Assess site similarity

Prior to building a hydro-ecological model, it is important identify any sites that could potentially be outliers because they are physically dissimilar to the others sites in the dataset.

The plot_sitepca function performs a Principal Components Analysis (PCA) which reduces a set of site-level environmental variables down to two uncorrelated ‘principal components’ and plots these components as a two-dimensional scatter plot. Sites that are closer together have more similar environmental characteristics. The proportion of the total environmental variation explained by each component is indicated on the axis labels. The first principal component (PC1) is plotted on the horizontal axis, as it represents the most dominant source of variation in the dataset. The environmental gradients represented by the two axes can be interpreted by reference to the arrows (eigenvectors), which show the direction and strength of correlation between the principal components and the individual environmental variables.

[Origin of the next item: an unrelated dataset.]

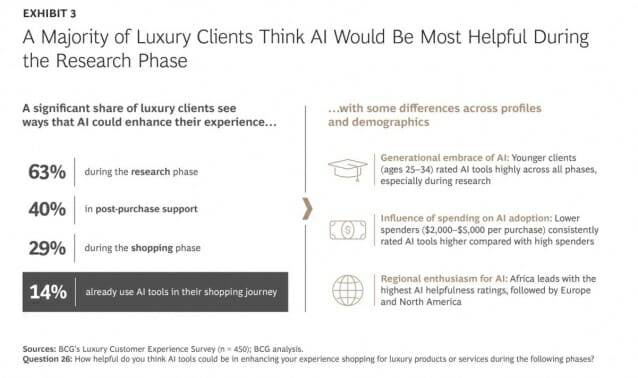 조사 결과, 63%의 고객이 리서치 단계에서 AI가 도움이 될 것이라고 답했으며, 40%는 구매 후 지원에서, 29%는 쇼핑 단계에서 AI 활용을 원한다고 응답했다. 이미 14%의 고객은 쇼핑 여정에서 AI 도구를 사용하고 있다. 특정 인구통계학적 그룹에서는 열정이 더욱 높게 나타났는데, 럭셔리 고객의 새로운 세대인 젊은 고객들은 구매 여정의 모든 단계에서 AI 도구를 높게 평가했다.
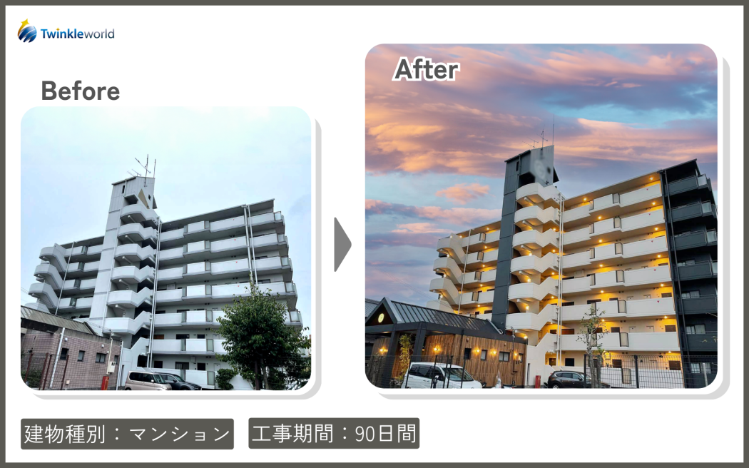 トゥインクルワールドはマンションの大規模修繕・ ベランダ・防水工事は自社管理の施工で低価格・高品質な施工を行なっております。大規模修繕工事や関連する情報に関して分かりやすく解説しています。

hetoolkit::plot_sitepca(data = cs2_env_data, 
                        vars = c("ALTITUDE", "SLOPE", "WIDTH", "DEPTH", "BOULDERS_COBBLES", "PEBBLES_GRAVEL", "SAND", "SILT_CLAY"),
                        eigenvectors = TRUE, 
                        label_by = "biol_site_id") 

Biology data

Import data

The import_inv function imports macroinvertebrate sampling data from the Environment Agency’s Ecology and Fish Data Explorer. The data can either be downloaded from https://environment.data.gov.uk/ecology-fish/downloads/INV_OPEN_DATA.zip or read in from a local .csv or .rds file. The data can be optionally filtered by site ID and sample date.

Below, we use our list cs2_biolsites to filter the data from the EDE. We download data for the period from 1995 (pre-1995 data was excluded due to uncertain QA procedures in place at this time) to 2021.

# Import biology data from the EDE
cs2_biol_data <- hetoolkit::import_inv(source = "parquet", sites = cs2_biolsites, start_date = "1995-01-01", end_date = "2021-12-31") 

# Set biol_site_id to character 
cs2_biol_data$biol_site_id <- as.character(cs2_biol_data$biol_site_id) 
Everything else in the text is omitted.